Top of Data for analysis

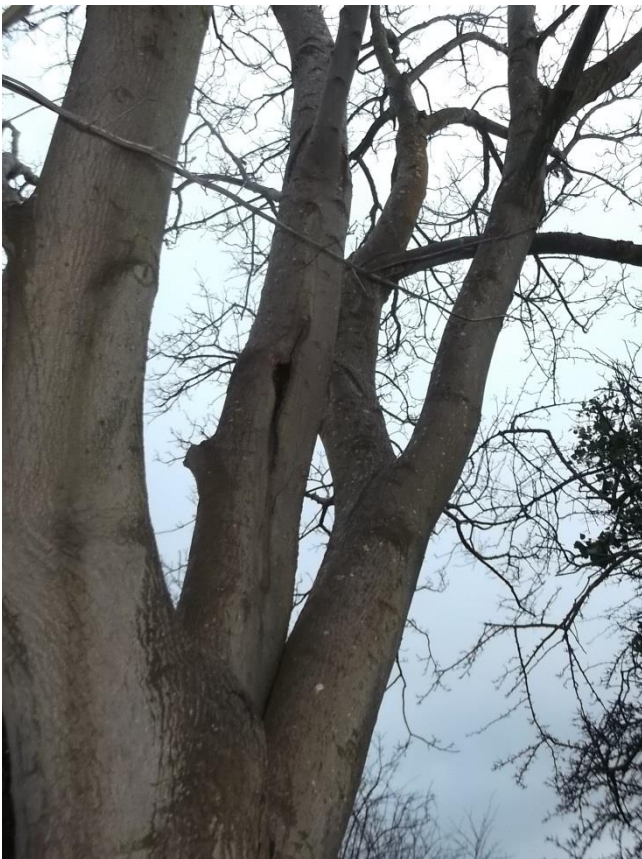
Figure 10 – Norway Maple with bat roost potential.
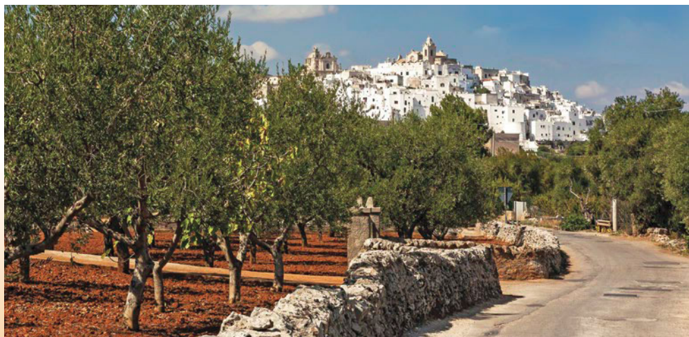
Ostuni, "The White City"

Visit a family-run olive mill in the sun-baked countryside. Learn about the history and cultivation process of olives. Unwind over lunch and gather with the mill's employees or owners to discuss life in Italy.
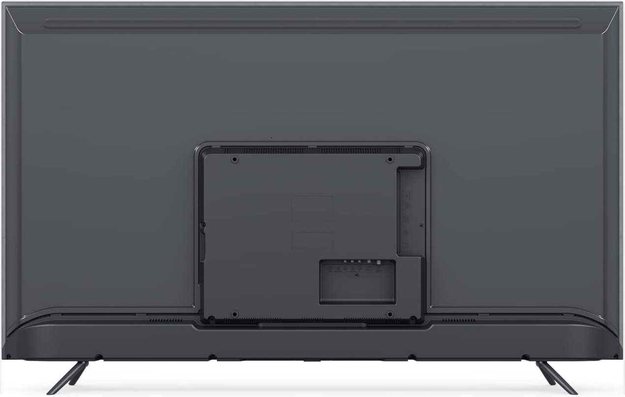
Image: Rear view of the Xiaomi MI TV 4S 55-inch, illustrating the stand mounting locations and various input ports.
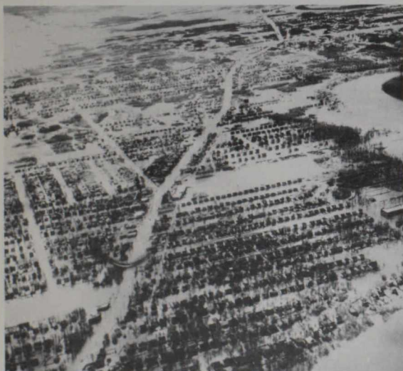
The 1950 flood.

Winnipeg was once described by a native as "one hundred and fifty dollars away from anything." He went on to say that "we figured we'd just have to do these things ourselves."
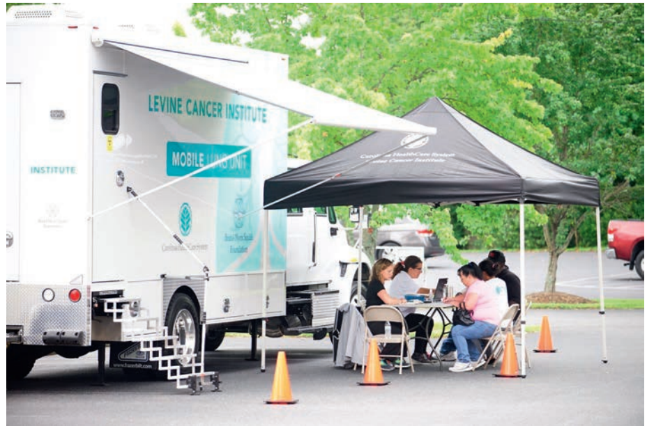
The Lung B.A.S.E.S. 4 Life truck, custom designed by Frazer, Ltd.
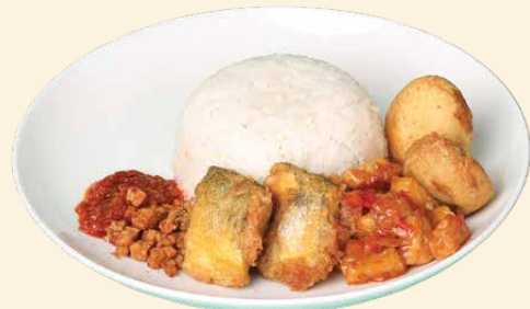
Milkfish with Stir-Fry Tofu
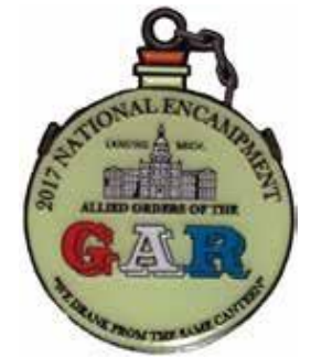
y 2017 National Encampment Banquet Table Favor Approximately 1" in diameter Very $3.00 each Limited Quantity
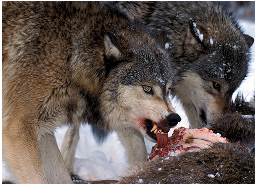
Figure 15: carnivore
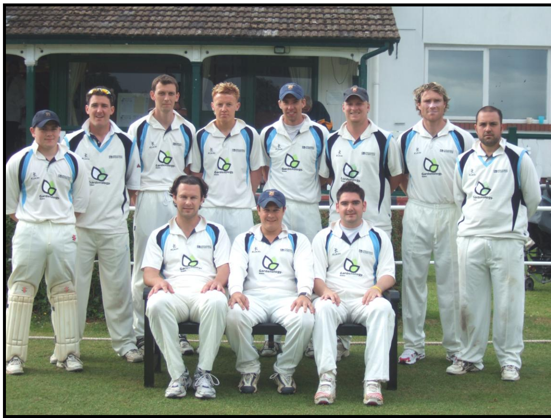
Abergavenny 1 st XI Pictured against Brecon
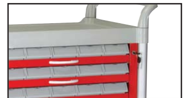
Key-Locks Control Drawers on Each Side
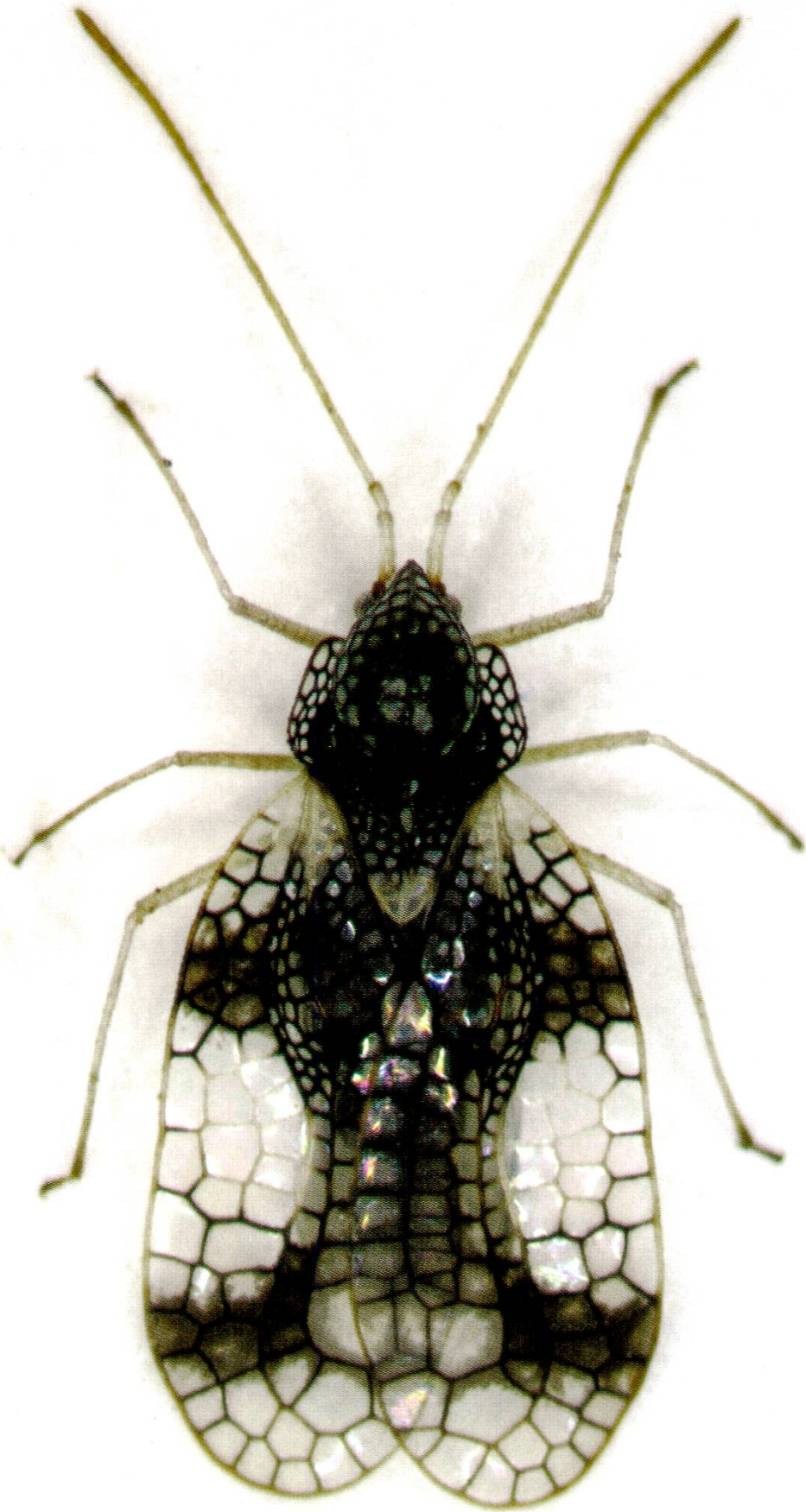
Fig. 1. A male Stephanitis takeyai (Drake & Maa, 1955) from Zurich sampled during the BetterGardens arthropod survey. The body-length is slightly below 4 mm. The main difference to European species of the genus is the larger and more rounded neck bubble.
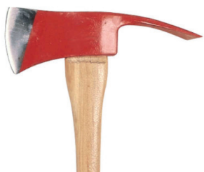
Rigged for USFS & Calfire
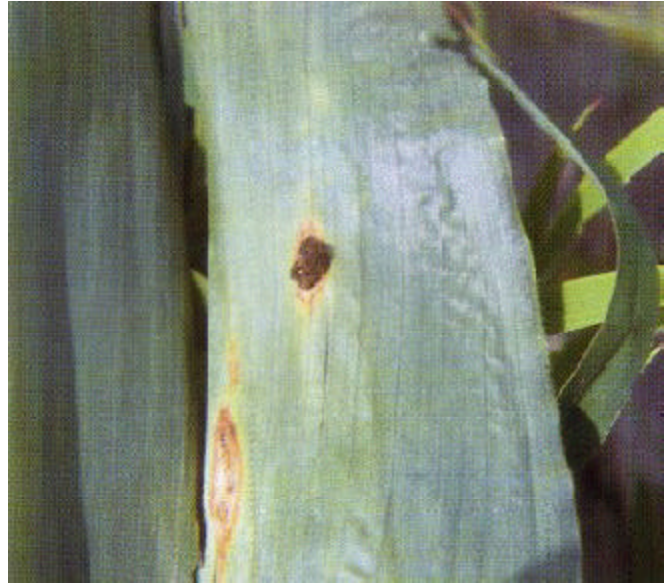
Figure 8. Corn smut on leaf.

Bottom of Data for analysis

About this task → With the pictures left out, copy exactly the lines from the one containing "Image: Rear view" through the last line of the data.

Answer for this exercise →
Image: Rear view of the Xiaomi MI TV 4S 55-inch, illustrating the stand mounting locations and various input ports.
The 1950 flood.

Winnipeg was once described by a native as "one hundred and fifty dollars away from anything." He went on to say that "we figured we'd just have to do these things ourselves."
The Lung B.A.S.E.S. 4 Life truck, custom designed by Frazer, Ltd.
Milkfish with Stir-Fry Tofu
y 2017 National Encampment Banquet Table Favor Approximately 1" in diameter Very $3.00 each Limited Quantity
Figure 15: carnivore
Abergavenny 1 st XI Pictured against Brecon
Key-Locks Control Drawers on Each Side
Fig. 1. A male Stephanitis takeyai (Drake & Maa, 1955) from Zurich sampled during the BetterGardens arthropod survey. The body-length is slightly below 4 mm. The main difference to European species of the genus is the larger and more rounded neck bubble.
Rigged for USFS & Calfire
Figure 8. Corn smut on leaf.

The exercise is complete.